* **Your objective**:
The response must consist of the lines below from the one with "Зимний пуловер Сяо" through the one with "Elizabeth Barrett Browning was", exactly as they appear and with both ends kept.

☆ ☆ ☆ ☆ ☆

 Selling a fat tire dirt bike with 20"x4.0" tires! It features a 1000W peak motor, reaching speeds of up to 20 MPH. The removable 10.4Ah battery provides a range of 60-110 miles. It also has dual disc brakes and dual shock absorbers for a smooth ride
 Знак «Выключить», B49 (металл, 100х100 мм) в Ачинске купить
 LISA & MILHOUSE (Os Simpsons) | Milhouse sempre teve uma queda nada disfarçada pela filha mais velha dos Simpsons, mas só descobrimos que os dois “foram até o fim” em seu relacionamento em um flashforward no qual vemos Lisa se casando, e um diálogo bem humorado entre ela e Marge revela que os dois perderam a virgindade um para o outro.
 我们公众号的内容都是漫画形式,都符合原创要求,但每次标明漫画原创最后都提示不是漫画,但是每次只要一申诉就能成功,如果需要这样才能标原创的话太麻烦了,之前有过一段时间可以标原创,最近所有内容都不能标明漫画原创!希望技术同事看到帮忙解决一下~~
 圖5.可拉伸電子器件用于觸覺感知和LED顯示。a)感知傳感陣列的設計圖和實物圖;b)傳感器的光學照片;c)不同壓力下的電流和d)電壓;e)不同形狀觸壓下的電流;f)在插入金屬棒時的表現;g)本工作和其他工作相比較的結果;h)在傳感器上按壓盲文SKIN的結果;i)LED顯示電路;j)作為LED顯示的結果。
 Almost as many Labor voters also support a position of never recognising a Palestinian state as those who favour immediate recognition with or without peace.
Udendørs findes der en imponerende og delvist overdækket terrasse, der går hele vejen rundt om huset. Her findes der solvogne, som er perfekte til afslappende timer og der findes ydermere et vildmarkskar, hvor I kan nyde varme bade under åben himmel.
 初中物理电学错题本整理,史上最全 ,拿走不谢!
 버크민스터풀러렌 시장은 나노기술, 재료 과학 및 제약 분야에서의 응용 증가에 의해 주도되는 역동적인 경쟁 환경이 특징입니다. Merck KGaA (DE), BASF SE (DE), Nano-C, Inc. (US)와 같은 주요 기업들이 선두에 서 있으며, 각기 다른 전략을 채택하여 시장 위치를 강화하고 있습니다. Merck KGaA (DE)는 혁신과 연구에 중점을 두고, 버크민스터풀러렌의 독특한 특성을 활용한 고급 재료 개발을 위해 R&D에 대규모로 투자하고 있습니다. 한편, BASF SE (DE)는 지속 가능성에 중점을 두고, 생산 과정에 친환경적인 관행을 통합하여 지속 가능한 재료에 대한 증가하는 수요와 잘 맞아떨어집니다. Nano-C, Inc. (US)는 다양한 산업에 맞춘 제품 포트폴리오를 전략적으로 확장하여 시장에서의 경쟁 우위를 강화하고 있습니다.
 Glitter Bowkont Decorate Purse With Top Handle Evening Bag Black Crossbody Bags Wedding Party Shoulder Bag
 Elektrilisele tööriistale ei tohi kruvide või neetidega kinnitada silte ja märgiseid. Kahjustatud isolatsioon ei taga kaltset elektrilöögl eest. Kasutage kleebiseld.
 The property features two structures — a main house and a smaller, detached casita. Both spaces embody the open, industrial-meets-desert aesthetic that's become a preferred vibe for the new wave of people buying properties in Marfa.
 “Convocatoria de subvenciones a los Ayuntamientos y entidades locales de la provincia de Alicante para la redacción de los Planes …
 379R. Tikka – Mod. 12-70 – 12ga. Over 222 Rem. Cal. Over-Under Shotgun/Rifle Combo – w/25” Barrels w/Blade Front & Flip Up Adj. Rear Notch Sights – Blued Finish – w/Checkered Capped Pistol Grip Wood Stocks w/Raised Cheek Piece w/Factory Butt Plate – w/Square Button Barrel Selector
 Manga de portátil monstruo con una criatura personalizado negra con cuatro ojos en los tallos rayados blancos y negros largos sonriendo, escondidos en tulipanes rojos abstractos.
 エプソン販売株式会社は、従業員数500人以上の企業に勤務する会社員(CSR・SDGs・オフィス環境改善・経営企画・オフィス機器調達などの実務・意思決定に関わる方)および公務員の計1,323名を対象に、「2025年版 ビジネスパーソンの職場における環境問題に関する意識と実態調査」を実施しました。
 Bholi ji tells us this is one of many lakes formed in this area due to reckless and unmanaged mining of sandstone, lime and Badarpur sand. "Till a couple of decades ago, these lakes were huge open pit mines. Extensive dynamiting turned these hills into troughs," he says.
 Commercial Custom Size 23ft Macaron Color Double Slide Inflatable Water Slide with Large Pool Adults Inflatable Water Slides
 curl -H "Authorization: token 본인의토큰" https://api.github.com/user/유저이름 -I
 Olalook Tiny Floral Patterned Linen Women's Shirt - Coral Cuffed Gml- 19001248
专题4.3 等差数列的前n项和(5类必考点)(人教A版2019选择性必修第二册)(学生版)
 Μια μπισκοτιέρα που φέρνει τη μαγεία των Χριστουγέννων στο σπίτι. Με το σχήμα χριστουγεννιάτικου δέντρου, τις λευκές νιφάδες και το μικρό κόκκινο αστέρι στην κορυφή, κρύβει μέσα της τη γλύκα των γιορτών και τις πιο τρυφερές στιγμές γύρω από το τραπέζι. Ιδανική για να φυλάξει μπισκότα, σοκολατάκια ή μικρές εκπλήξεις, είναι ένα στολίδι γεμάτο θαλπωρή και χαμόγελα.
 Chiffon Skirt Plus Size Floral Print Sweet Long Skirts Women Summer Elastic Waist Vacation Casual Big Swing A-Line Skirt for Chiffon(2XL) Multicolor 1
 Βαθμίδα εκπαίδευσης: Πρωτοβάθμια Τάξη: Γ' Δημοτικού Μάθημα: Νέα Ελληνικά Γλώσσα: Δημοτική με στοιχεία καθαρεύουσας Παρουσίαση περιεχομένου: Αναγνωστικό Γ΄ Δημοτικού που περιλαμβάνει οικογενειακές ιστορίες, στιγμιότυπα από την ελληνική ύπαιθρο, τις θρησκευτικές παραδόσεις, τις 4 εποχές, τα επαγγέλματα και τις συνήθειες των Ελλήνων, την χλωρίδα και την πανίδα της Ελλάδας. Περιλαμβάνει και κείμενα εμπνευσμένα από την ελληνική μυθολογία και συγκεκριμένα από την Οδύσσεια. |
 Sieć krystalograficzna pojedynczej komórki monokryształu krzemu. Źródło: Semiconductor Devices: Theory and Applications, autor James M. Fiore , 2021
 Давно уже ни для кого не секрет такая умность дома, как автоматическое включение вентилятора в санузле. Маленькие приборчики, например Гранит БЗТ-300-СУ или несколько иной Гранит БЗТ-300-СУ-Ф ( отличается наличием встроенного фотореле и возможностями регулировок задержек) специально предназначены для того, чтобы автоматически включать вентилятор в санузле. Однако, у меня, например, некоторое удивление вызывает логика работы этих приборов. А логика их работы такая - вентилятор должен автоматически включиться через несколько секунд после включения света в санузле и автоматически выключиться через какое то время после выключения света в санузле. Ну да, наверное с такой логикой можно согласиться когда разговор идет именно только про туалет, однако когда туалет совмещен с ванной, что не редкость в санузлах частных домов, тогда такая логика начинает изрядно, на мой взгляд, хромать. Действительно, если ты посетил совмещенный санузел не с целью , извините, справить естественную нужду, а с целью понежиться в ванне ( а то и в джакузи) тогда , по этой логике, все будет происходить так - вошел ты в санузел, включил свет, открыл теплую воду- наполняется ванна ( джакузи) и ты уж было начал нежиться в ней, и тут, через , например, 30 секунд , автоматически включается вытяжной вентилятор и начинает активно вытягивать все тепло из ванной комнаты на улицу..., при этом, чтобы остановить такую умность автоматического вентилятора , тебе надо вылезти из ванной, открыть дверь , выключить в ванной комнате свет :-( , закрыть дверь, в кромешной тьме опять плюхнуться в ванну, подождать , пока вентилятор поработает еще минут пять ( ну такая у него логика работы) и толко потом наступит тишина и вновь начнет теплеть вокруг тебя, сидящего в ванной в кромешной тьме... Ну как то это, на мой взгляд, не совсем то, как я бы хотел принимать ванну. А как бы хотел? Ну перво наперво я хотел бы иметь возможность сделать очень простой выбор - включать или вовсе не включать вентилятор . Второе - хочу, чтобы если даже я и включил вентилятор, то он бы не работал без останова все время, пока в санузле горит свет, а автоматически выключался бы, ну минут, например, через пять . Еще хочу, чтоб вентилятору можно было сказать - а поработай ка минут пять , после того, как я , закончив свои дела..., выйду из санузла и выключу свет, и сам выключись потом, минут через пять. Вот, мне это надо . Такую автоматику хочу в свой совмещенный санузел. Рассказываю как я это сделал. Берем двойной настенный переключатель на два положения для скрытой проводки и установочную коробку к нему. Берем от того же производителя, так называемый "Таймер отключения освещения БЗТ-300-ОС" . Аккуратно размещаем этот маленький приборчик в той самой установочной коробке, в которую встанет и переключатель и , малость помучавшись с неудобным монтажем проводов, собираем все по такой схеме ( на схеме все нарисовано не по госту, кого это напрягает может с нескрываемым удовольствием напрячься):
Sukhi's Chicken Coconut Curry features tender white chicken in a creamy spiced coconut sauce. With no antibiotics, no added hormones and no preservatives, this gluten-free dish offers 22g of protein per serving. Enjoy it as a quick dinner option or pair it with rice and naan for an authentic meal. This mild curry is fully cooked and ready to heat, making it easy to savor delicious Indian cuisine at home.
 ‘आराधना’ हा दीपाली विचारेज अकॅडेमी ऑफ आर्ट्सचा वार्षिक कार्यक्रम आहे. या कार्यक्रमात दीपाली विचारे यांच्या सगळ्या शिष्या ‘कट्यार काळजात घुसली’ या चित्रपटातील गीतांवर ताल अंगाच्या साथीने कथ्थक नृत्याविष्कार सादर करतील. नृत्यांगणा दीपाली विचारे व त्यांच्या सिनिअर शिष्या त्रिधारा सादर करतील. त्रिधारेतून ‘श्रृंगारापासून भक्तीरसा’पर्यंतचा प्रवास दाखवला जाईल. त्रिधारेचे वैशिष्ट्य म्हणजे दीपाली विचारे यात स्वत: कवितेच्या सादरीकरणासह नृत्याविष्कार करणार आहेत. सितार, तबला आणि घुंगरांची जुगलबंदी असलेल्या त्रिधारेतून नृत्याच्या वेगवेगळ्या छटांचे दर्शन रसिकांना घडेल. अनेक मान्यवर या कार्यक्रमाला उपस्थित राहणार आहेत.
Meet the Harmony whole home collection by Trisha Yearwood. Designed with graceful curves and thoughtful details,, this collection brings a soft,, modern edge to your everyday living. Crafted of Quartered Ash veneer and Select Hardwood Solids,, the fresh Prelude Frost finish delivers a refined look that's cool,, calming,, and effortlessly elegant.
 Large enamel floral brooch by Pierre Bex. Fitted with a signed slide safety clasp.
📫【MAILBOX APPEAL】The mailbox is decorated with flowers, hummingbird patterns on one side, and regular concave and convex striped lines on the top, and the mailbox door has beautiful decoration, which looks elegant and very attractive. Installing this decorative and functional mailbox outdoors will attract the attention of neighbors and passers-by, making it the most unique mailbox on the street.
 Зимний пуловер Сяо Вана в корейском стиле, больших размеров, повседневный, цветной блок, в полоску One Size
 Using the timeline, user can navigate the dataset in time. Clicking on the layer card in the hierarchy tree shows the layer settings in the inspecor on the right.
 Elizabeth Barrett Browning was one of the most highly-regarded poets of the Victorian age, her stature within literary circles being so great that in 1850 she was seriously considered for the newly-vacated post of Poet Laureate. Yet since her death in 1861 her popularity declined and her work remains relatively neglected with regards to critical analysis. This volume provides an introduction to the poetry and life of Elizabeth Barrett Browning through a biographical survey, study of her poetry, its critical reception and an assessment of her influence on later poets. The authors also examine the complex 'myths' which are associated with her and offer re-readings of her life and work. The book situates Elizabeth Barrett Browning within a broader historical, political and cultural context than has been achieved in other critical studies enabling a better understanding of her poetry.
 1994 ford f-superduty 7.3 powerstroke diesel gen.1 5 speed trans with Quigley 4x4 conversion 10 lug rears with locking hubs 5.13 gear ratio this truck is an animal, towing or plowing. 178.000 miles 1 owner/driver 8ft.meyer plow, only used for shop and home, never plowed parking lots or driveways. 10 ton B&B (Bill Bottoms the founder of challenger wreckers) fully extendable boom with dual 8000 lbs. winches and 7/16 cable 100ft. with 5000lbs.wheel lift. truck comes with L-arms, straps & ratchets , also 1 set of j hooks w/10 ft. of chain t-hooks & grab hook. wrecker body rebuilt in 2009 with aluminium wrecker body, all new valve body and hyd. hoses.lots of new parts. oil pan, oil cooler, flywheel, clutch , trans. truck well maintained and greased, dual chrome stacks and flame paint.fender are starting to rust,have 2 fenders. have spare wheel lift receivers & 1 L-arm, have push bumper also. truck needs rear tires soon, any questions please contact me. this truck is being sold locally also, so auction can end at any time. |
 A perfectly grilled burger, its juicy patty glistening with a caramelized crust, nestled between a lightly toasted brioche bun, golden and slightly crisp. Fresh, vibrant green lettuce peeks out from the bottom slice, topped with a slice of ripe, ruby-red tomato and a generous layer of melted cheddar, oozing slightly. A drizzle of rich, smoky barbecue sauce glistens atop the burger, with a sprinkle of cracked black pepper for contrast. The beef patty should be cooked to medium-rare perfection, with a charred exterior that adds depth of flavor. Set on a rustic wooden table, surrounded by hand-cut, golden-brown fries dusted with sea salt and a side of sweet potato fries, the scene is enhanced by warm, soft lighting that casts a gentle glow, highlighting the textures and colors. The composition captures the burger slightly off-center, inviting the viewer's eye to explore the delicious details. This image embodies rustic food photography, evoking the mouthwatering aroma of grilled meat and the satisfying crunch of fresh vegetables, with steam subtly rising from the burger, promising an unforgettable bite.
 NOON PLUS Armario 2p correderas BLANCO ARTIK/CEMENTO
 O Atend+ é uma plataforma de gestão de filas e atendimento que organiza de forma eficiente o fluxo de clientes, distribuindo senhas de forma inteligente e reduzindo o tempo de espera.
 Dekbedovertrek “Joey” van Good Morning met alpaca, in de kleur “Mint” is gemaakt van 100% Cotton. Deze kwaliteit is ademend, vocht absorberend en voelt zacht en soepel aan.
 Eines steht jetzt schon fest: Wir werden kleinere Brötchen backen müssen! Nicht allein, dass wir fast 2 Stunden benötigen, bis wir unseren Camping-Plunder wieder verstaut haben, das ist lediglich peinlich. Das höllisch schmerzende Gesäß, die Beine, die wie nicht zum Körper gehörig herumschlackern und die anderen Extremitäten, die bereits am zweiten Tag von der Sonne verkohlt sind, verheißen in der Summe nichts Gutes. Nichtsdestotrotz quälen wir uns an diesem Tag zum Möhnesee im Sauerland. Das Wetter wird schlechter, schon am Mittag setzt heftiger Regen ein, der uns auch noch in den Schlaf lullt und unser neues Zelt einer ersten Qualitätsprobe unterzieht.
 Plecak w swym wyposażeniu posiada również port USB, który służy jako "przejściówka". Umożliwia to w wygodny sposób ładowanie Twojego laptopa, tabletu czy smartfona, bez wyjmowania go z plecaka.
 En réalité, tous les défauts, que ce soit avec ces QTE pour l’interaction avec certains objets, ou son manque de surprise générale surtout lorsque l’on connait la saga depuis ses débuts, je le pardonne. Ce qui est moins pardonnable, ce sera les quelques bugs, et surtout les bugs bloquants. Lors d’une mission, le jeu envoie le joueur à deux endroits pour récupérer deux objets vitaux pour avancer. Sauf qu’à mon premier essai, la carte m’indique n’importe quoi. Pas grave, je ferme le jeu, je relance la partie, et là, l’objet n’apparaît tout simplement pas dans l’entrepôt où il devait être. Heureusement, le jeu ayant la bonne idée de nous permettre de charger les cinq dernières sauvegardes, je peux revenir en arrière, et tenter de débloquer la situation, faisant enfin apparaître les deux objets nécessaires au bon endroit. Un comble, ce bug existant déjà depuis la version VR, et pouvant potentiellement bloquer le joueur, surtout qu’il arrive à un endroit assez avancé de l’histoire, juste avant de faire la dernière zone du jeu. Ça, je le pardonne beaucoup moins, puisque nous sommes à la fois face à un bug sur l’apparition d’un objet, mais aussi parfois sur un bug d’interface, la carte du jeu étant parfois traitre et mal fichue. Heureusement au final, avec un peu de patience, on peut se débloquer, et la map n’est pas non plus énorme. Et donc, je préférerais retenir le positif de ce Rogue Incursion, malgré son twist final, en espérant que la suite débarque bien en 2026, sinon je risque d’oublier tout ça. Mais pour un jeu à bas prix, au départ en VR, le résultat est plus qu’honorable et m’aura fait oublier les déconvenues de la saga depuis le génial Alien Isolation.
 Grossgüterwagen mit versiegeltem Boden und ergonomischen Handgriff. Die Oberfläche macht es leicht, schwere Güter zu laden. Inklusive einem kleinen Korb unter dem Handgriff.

☆ ☆ ☆ ☆ ☆

* **Answer to the problem**:
 Зимний пуловер Сяо Вана в корейском стиле, больших размеров, повседневный, цветной блок, в полоску One Size
 Using the timeline, user can navigate the dataset in time. Clicking on the layer card in the hierarchy tree shows the layer settings in the inspecor on the right.
 Elizabeth Barrett Browning was one of the most highly-regarded poets of the Victorian age, her stature within literary circles being so great that in 1850 she was seriously considered for the newly-vacated post of Poet Laureate. Yet since her death in 1861 her popularity declined and her work remains relatively neglected with regards to critical analysis. This volume provides an introduction to the poetry and life of Elizabeth Barrett Browning through a biographical survey, study of her poetry, its critical reception and an assessment of her influence on later poets. The authors also examine the complex 'myths' which are associated with her and offer re-readings of her life and work. The book situates Elizabeth Barrett Browning within a broader historical, political and cultural context than has been achieved in other critical studies enabling a better understanding of her poetry.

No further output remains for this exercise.